Frank Herbert on Message Fic and Dune


Interviews with SFF masters of yore can be quite fascinating and insightful, and I like to watch or read them every now and then.

The other day a couple clips of Frank Herbert interviews popped up in my recommended YouTube videos, and I just wanted to quickly share them.


In this 1982 interview with Bryant Gumbel, we learn:

Herbert was a big proponent of Jungian psychology.

Maybe something worth further exploration in a future post.


He believed messaging in fiction should be secondary to entertainment value.

“I think it first has to be entertaining. Because if it’s not entertaining, nobody’s going to read it. I put a pot of message in there with a mess of pottage.”

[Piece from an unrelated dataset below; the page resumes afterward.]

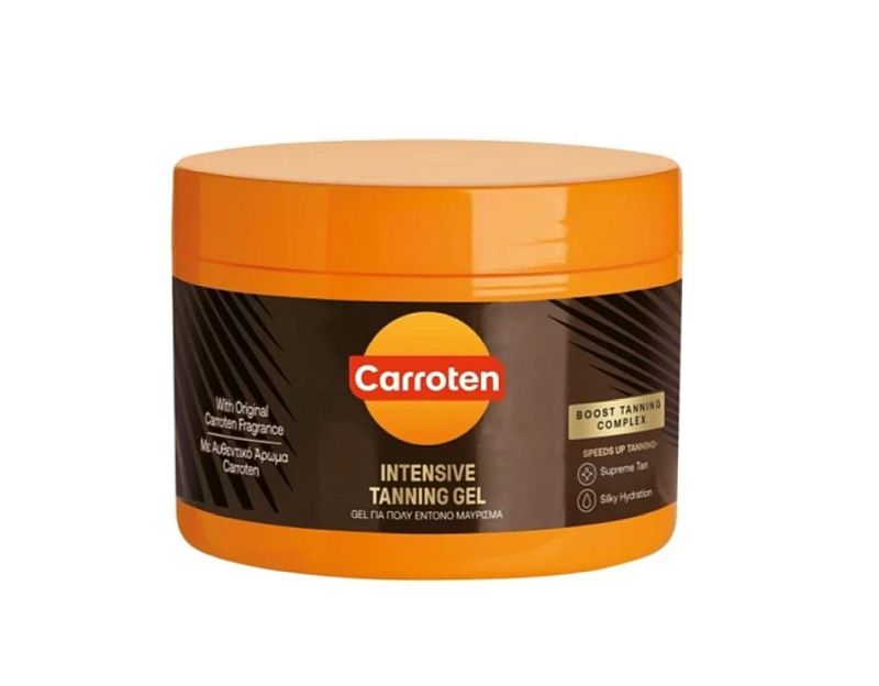 Πρόκειται για το Carroten gel, ένα προϊόν που αποτελεί σήμα κατατεθέν του τροπικού μαυρίσματος και στην Ελλάδα έχει καθιερωθεί εδώ και πάρα πολλά χρόνια ως το προϊόν που χαρίζει το σοκολατένιο χρώμα που τόσο ονειρεύεστε. Το Carroten Intensive Tanning Gel εξασφαλίζει άμεσο, βαθύ και έντονο μαύρισμα, ενώ παράλληλα βοηθά στην ενυδάτωση της επιδερμίδας, προστατεύοντάς τη από το ξεφλούδισμα, με τον συνδυασμό αντιοξειδωτικών βιταμινών Α & Ε.
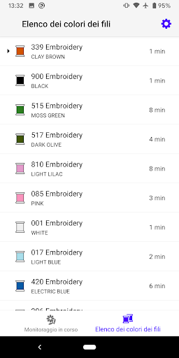 Consente di controllare le informazioni su tutti i colori dei fili utilizzati per ricamare.

The main thrust of Dune, according to Herbert: “Don’t trust leaders to always be right.”

“I think that our society was formed on a mistrust for government, and we seem to have lost that distrust of government. I kid around and say my favorite president of recent years has been Richard Nixon, because he taught us to distrust government.”


He was concerned about the future. 

“I have a very passionate concern for posterity, another thing upon which this country was founded, with a decent concern for posterity. And unfortunately posterity doesn’t vote.”


This second, shorter clip, is from BBC’s Breakfast Time. I’ve not been able to pinpoint the year. Here we get:

“Leaders – their mistakes are amplified by the numbers who follow them without question.”


Herbert disagreed with the conventional wisdom about power corrupting; rather he believed that power attracts the corruptible.


The wasteland of Dune was a metaphor for the resource shortages that we are encountering because of overpopulation.

I’m not sure if Herbert was an ardent Malthusian, but he apparently wrote another book called The Dosadi Experiment. The story once again revolves around a barren world, home to a highly adapted and powerful people. Clearly Herbert was an optimist in some sense; he seemed to simultaneously believe that overpopulation and lack of resources was a problem, yet his prominent stories feature men who thrive on such hardship.

It’s a shame. Although there are plenty of fans of Dune as a series, it’s a common feeling that the books really went downhill after the first entry. And beyond Dune, none of Herbert’s other works really made much of a splash. The guy had some interesting ideas, though.



  1. It is a shame.

    As much as I love Dune (and I really do love it), his other stuff just never got the attention it deserved. He wrote another book called The White Plague and it was haunting and amazing. Great book. I almost finished it in one sitting.

    • Nice to hear a conflicting opinion! I’d be pleased if Herbert had some other good stuff out there. I’ll keep an eye out for The White Plague.

  2. Really interesting stuff. I like his take on message fiction—if the “fiction” part is awful, nobody will care about whar what it’s trying to say.

    Regarding Dune, the first book is the best—arguably one of the best sci-fi novels ever. But the five sequels are absolutely worth reading. Five and six, in particular, really move the saga forward. I wish he wrote more!